Alastair Cook has overtaken his mentor and coach Graham Gooch to become the highest run-scorer for England in Test cricket.

Cook required 31 runs to draw equal with Gooch’s record of 8,900 runs and, with a restrained drive to the cover boundary off Tim Southee, he passed the man who he has coached him, first with Essex and then with England, since he was 18 years old.

Before the Headingley Test, he insisted that by his reckoning Gooch remained unsurpassed as the finest England Test batsman in history.

Highlights of Cook’s career include scoring a century on debut (in Nagpur in 2006), plundering 766 runs in seven innings in the 2010-11 Ashes series, hitting three centuries in successive Tests to help England to a series victory in India in 2012 and becoming the second-youngest man – after Sachin Tendulkar – to make 5,000 Test runs.

While he endured a grim run of form throughout much of 2013 and 2014, Cook has also made more Test centuries – 27 – than any England player and averages a fraction under 47. Doubts about his prowess as a tactical captain may remain, but he is a respected leader and his place among the greats of England batsmen is assured.

Perhaps the most remarkable aspect of Cook’s new record is his relative youth.

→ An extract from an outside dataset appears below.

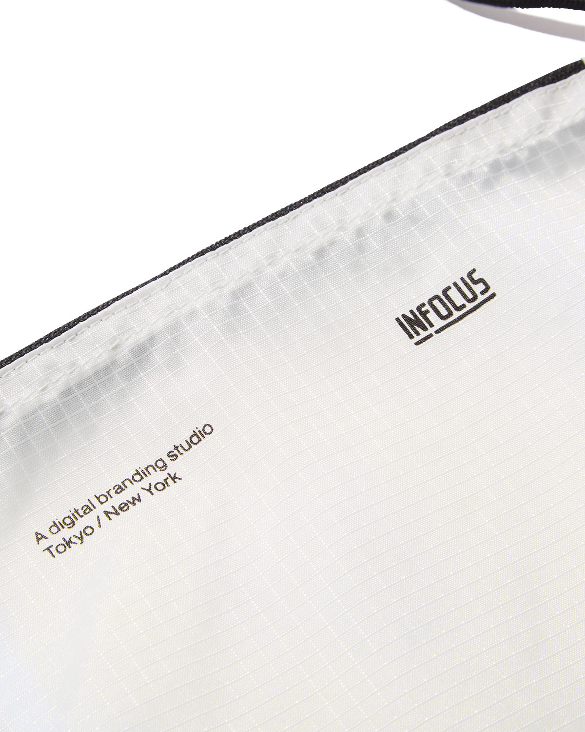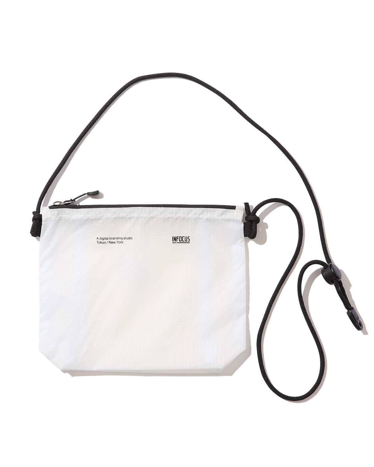 IN FOCUSのロゴがプリントされたナイロン製のマチありサコッシュ。
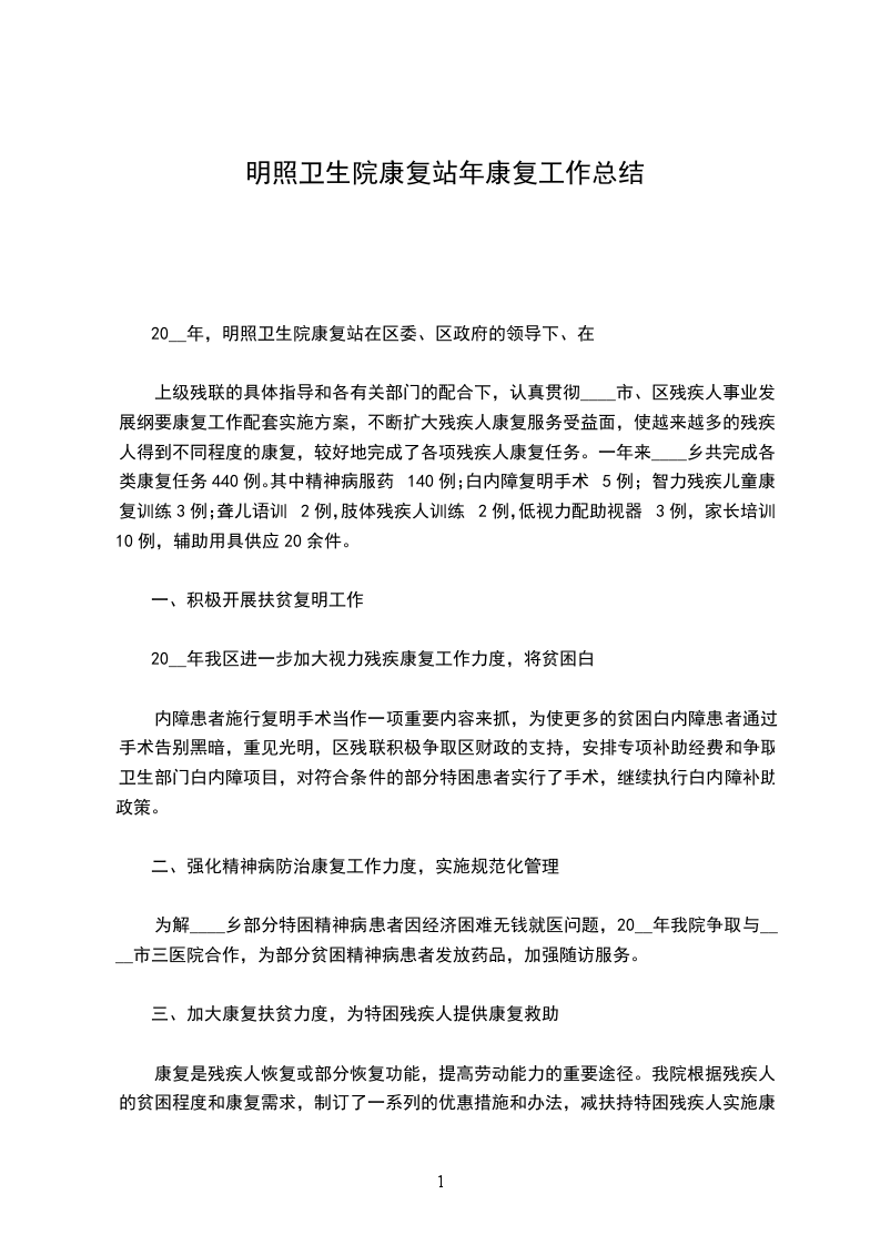20__年,明照卫生院康复站在区委、区政府的领导下、在

Gooch, also an Essex and England opening batsman, was 41 by the time he finished playing Test cricket; Cook is just 30 and could have some of the best years of his career ahead of him.

Cook’s record – achieved in the same match in which James Anderson became the first England bowler to claim 400 Test wickets – is partially a reflection of the packed international schedule in the modern era which sees far more Test matches staged.

He has already played 114 matches in a nine-year Test career that started in Nagpur in 2006, while Gooch managed 118 in a career that was interrupted by a three-year ban for going on a rebel tour to South Africa in the early 1980s.

Twelve men from other nations have scored more Test runs than Cook. But few of them are still playing and, given Cook’s age and continued fitness, he could reach the top of the list by the end of his career.